If they are to be reached effectively, this plethora of different groups per se will require many more media outlets, than presently exist. They require different editorial “content,” in order for their many diverse and divergent points of view to be expressed. They also will require completely different marketing strategies and techniques, in order for advertisers to reach them. And this phenomenon also should promote media diversity.

UPDATE: A shout out to Barry Diller, who recently expounded on “new media” at a technology conference sponsored by Forbes Magazine, Kirsner, S., “Titans Talking Tech,” Daily Variety (Oct. 25, 2006). Michael Eisner asked Diller whether he expects to see more traditional media companies buying new-media startups, like News Corp.’s purchase of MySpace. “It doesn’t matter who buys what,” Diller said. “Because the Internet makes it possible for anyone to self-publish and attract a sizable audience, controlling the chokepoints of distribution is no longer a viable strategy.” Diller continued: “Traditional media companies historically have been based on being dictatorial and telling people how they’ll do business with them and exercising every point of leverage at all points in the process. In the new era, media companies [will] have to master this new form of plenty, rather than scarcity.”

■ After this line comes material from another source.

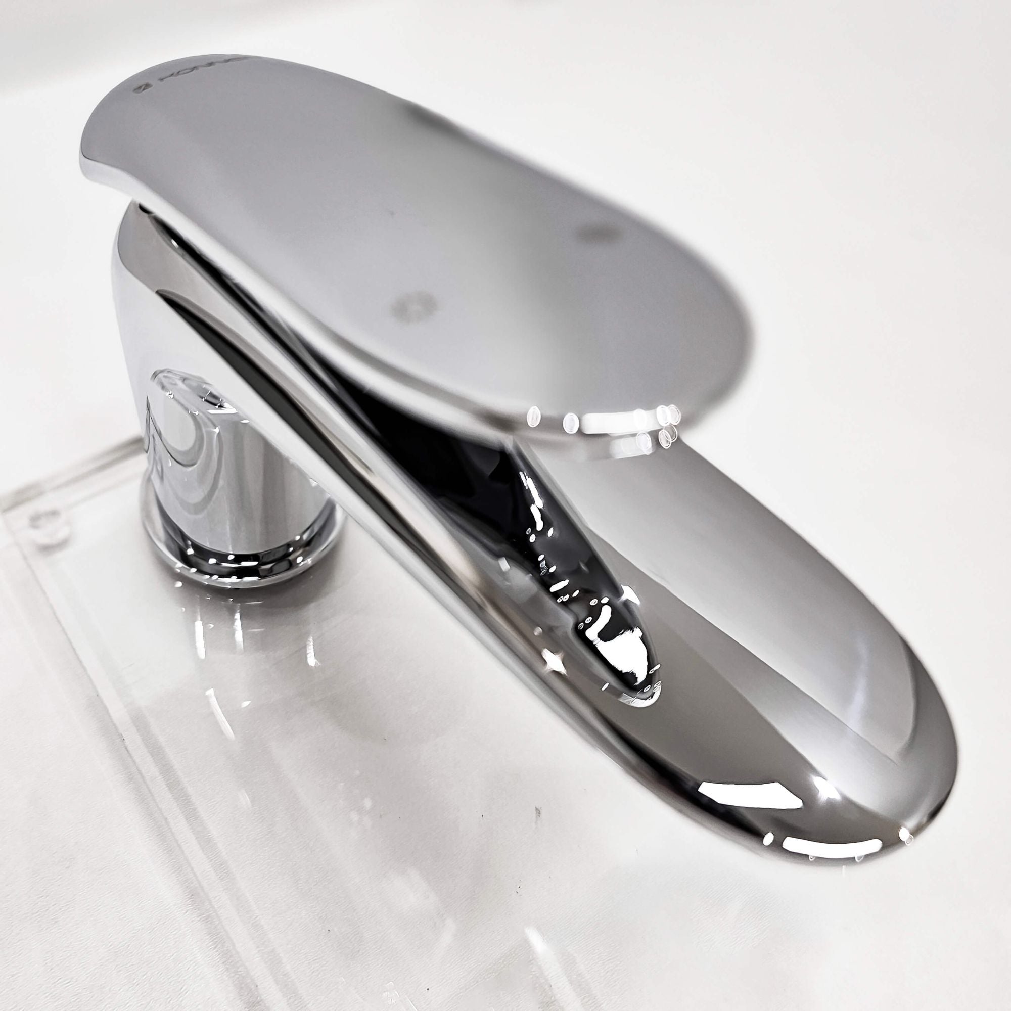 A Torneira Curves para Banheiro, com bica baixa, é a escolha ideal para quem procura estilo moderno sem abrir mão da funcionalidade. Com acabamento cromado e design arrojado, esta peça destaca-se em banheiros contemporâneos e coloridos.

Diller criticized the model of network TV. While he saw the continuing value of local TV stations, he’s less convinced about the value of “the single-channel, general entertainment approach” of a national network today. Instead, Diller said he expects that channels would need to have a tighter focus on specific topical niches and audiences. Eisner seemed more bullish than Diller about the potential for user-generated content to continue to attract viewers, noting that talent agencies had begun signing hot Internet personalities. “There aren’t that many talented people,” Diller countered, “whose creative ability is going to resonate with a lot of people.” Eisner noted that the Internet makes it easier to ferret out a talented storyteller in Paris or Eastern Europe. “I don’t think there are great singers, musicians and writers in garrets somewhere doing great work that no one finds,” Diller rejoined.

Diller is absolutely right. The function of the modern media company will not be to originate creative properties. Those will come from all sorts of places — some big, some small, some pro, some amateur. Rather, the media company will act like the baileen of a whale, sifting through and arranging these works, making recommendations to consumers, prioritizing, marketing, and promoting them. The days of a strictly vertically-integrated (or quasi-vertically integrated) media company are gone.